Rated R by the MPAA, for brutal violent content including rape and torture, strong sexuality, graphic nudity, and language. Runs 2 hours, 38 minutes. Premiered in London on December 12, 2011 and in New York City, New York on December 14, 2011. Wide release in the USA on December 20, 2011, and in Sweden and Norway on December 21, 2011.

Starring Daniel Craig, Rooney Mara, Christopher Plummer, Stellan Skarsgard Steven Berkoff, Robin Wright, Yorick van Wageningen, and Joely Richardson. Also starring Geraldine James, Ulf Friberg, Goran Visnjic, Donald Sumpter, Embeth Davidtz, Joel Kinnaman, Elodie Yung, Tony Way, Alan Dale, Julian Sands, David Dencik, Fredrik Dolk, Per Myrberg, Gustaf Hammarsten, Leo Bill, and Josefin Asplund.

Cinemaniac Reviews three and a half stars

Mikael Blomkvist is a journalist for Sweden’s Millennium magazine, and taking a gander at a case far more complicated than it appears.  Henrik Vanger, the patriarch of a wealthy family, has hired Blomkvist to find his niece, Harriet Vanger.  No one on the island, owned by the family, has seen Harriet for four decades, after the night she unexpectedly disappeared.  The time since has been disturbing for Henrik.  Was she murdered?  If so, who killed her?  If not, where is she, and what motivated her to stay in hiding for so long?  Again, it’s not as simple as it sounds.  No one on the island knows much more than that she disappeared.
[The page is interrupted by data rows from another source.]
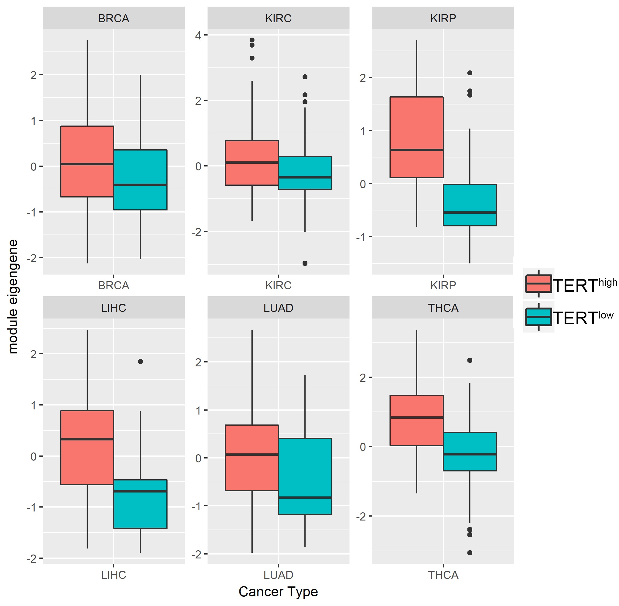 - Figure S6. Genes in cell cycle/mitotic nuclear division module identified by WGCNA are highly expressed in TERThigh samples across 6 cancers. (TIF 1270 kb) (TIF)
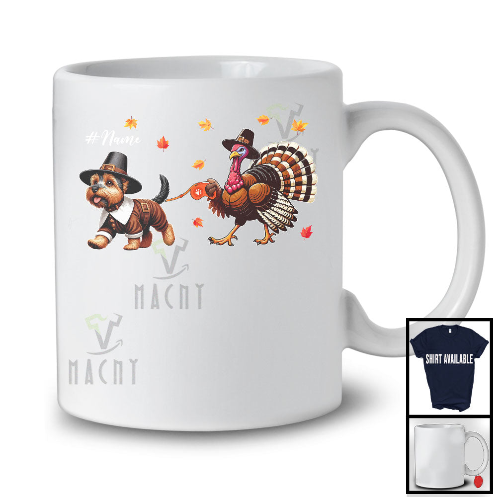 Personalized Turkey Walking With Norwich Terrier; Happy Thanksgiving Custom Name Family T-Shirt
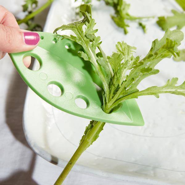 - Projetado para descascar folhas de couve, acelga, alecrim, tomilho, orégano e outros vegetais e ervas de diferentes tamanhos
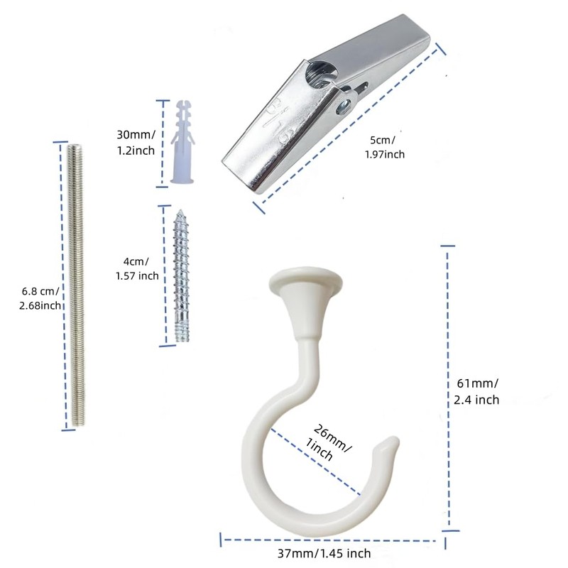- Swag ceiling hook Packing: 2 Set x Ceiling Swag Hooks + 2 Sets x Metal Pointed Screws + 2 Sets x Metal Bolts + 2 Sets x Spring Toggle Wing+ 2 Sets x Plastic Anchor

That’s when Mikael comes to the titular character: Lisbeth Salander, whose large dragon tattoo lies across her left shoulder in a way that seems to enhance it.  She’s a character with complexity whose description doesn’t just narrow into a few pages, let alone this review; for all intents and purposes, let’s call her a quick-minded, cyberpunk computer hacker with an attitude.
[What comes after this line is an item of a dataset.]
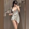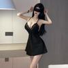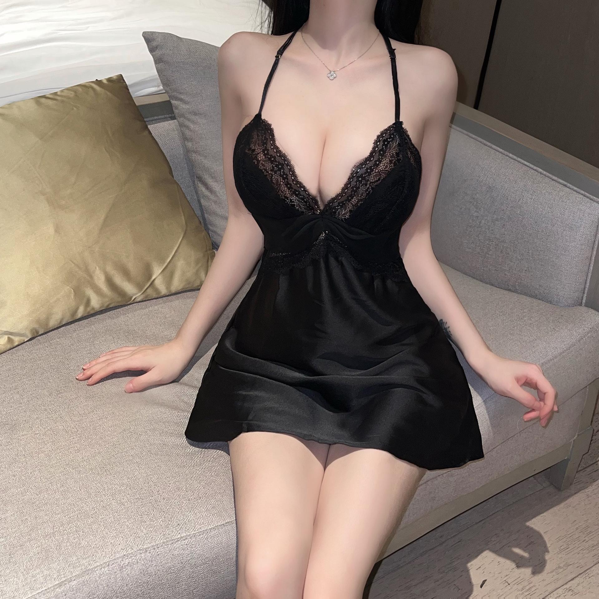 Lencería Sexy, Pijama Fino de Seda para Verano, Sexy Falda con Tirantes para Mujer Estilo Palacio Negro con Camisón, Tentador y Sexy

“The Girl with the Dragon Tattoo” digs back to one of David Fincher’s strong fascinations: journalism.  We saw it in “Zodiac” (2007), but there’s something in this English language adaptation of Stieg Larsson’s debut novel that seems to really grab the director.  “Dragon Tattoo” is tenser, more thrilling, and (ironically) of greater reality.  The movie deals artfully with criminal investigation.  It delves so deep into those crimes, that we don’t realize the legal offenses (i.e. computer hacking) that come along the way.

It’s likely covered up by our interest in the cast.  Daniel Craig is strong as Blomkvist, conveying the natural tones required by the novel.  Salander is ten times better.  Her character admirably (or anything but admirably) opposes Blomkvist, in her unpredictable nature.  Rooney Mara is perfect in this complex role.  She speaks in sharp, concise sentences, seldom gives eye contact.  While she does seem 24, she never misses a beat looking, acting, and living like a Gothic 18-year-old.  Watch her methods for retrieving a stolen computer bag at a train station.  She makes the scene far more memorable than anything we could hope for.

Going back behind the lens, David Fincher is a doctor in the art of title sequences.  My personal favorites have been “Fight Club” and “Panic Room”, but “The Girl with the Dragon Tattoo” is thoroughly another sign of his genius.  Kudos for the complementary music: Karen O’s cover of Led Zeppelin’s “Immigrant Song”, with Trent Reznor (Nine Inch Nails) and Atticus Ross.  It shows once again that Reznor and Ross (“The Social Network”) are David Fincher’s “go-to guys,” as far as music is concerned.  Fincher makes “Dragon Tattoo” into a grim and gruesome tale, and most of this comes from either the music or the well-placed cinematography (three-time collaborator Jeff Cronenworth).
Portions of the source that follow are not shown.